A year and a half later, I ran into the same problem. I was at film school and working on another script. I would present an idea to my script advisors and teachers and they would tell me the strengths and weaknesses of the idea.
Whenever they told me “this won’t work” I felt like I had to let go of something that was deeply personal. Initially, I felt like they weren’t helping me. I heard other students utter things like “they are out to wreck our stories” “they want to make our stories theirs not ours”
Regardless of how my fellow students and I felt, the fact is they were right. Their sole job and function was to help us write the best stories we possibly could. They had more knowledge and experience than we did and every single point they made had some merit.
To us, it felt like they were trying to derail our ideas and rob us of our individuality when all they were actually doing was trying to help us tell OUR story.
A new approach
Fast forward a year to the film internship I did with The Initiative Production Company.
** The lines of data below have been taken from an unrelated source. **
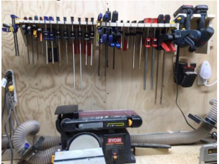
Slotted shelf clamp storage.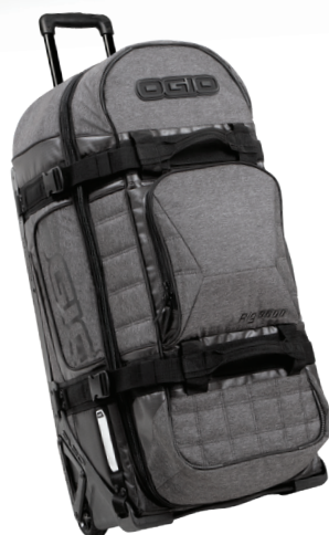
| dark-static 5919316OG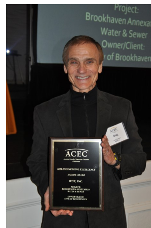
WGK, Inc. Project: Brookhaven Annexation Water & Sewer

I was writing a script that I was going to co-produce with a fellow student. Having gone through the process of writing a couple of short films already, my approach was different this time.
Instead of holding onto my ideas with a closed fist I held them lightly.
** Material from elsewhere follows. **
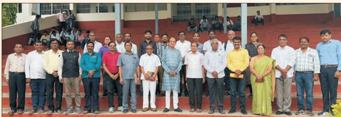
New IQAC members of the college with Hon. D.P. Savant, Secretary SSBES Nanded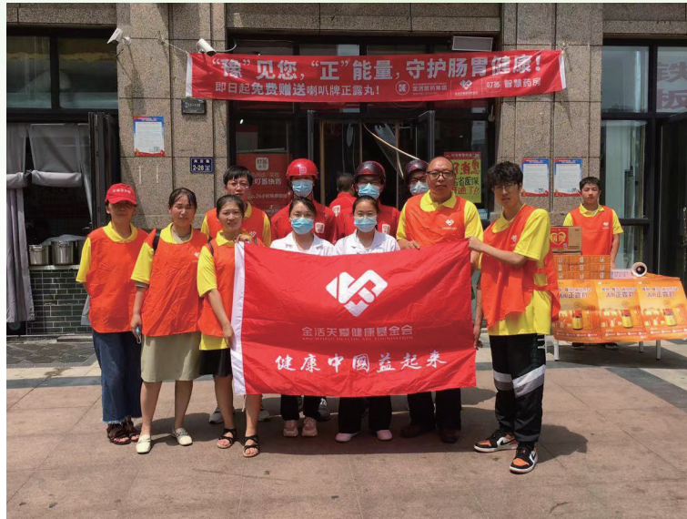
The Group donated Seirogan Pills to the flood-stricken areas in Henan Province to protect citizens' gastrointestinal health.

My focus had shifted from wanting to write a story that was a product of my perceived individual greatness, to doing whatever it took to write the best story possible.
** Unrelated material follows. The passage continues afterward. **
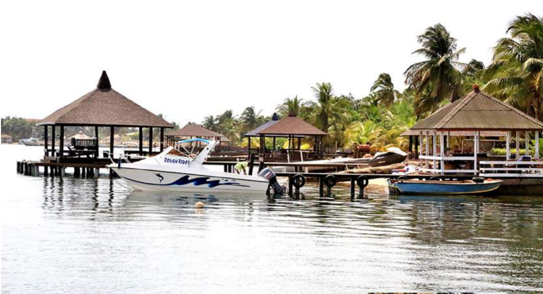
Crusing at Ada

Whenever I got suggestions from my script adviser or fellow filmmakers I held onto that advise in order to test it, try it and build upon it. I cared less about whether an idea came from my own head and more about nurturing and developing great ideas regardless of their source.
This was one of the most fulfilling experiences I have had as an artist.
The story was perhaps the best one I have written and from time to time I hear my friends mention it as a great little film.
The film ended up being a mix of my own ideas and the ideas of people close to me. In the process of developing and nurturing great ideas my stamp of individuality was all over it regardless of where the idea came from.
A selfless pursuit
I am not advocating selling out. I am merely saying that telling my story was less about me trying to manifest my personal greatness and more about my selfless pursuit of great storytelling.
Working with film or any other form of art can be a selfless pursuit of great ideas and captivating stories.
I believe this approach to art also is true of life in general. I’ve come to learn that the pursuit of happiness is less about personal glory and more about sacrificing your own pride for the sake of pursuing something greater than yourself.